§ **Work item**: The required output is the lines below from the line containing "芙兰骑着摩托车,来到了城市的边缘,这个时候,她一不小心撞死了冲出来的琪露诺" to the line containing "Pearl Embellished Ballerina", inclusive, retyped exactly. No other lines belong in it.

§ **The records**:

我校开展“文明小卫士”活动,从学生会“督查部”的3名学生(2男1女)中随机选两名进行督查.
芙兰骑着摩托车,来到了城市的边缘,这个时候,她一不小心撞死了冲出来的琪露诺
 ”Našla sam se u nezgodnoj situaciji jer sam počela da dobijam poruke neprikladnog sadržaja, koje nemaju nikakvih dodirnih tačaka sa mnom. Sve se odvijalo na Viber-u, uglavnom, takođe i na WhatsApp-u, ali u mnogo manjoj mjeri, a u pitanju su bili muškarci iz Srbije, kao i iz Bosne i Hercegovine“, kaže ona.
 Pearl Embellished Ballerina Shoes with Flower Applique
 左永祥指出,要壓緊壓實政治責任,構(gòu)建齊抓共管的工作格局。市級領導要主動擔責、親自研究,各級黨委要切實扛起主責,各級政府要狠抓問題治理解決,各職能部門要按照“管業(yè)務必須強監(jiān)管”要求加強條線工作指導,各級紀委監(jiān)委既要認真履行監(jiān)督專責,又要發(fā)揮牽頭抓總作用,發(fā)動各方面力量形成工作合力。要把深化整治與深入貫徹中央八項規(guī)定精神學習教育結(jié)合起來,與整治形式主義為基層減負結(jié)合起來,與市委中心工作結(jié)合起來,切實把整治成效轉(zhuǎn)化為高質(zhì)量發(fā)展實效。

§ **Output for this task**:
芙兰骑着摩托车,来到了城市的边缘,这个时候,她一不小心撞死了冲出来的琪露诺
 ”Našla sam se u nezgodnoj situaciji jer sam počela da dobijam poruke neprikladnog sadržaja, koje nemaju nikakvih dodirnih tačaka sa mnom. Sve se odvijalo na Viber-u, uglavnom, takođe i na WhatsApp-u, ali u mnogo manjoj mjeri, a u pitanju su bili muškarci iz Srbije, kao i iz Bosne i Hercegovine“, kaže ona.
 Pearl Embellished Ballerina Shoes with Flower Applique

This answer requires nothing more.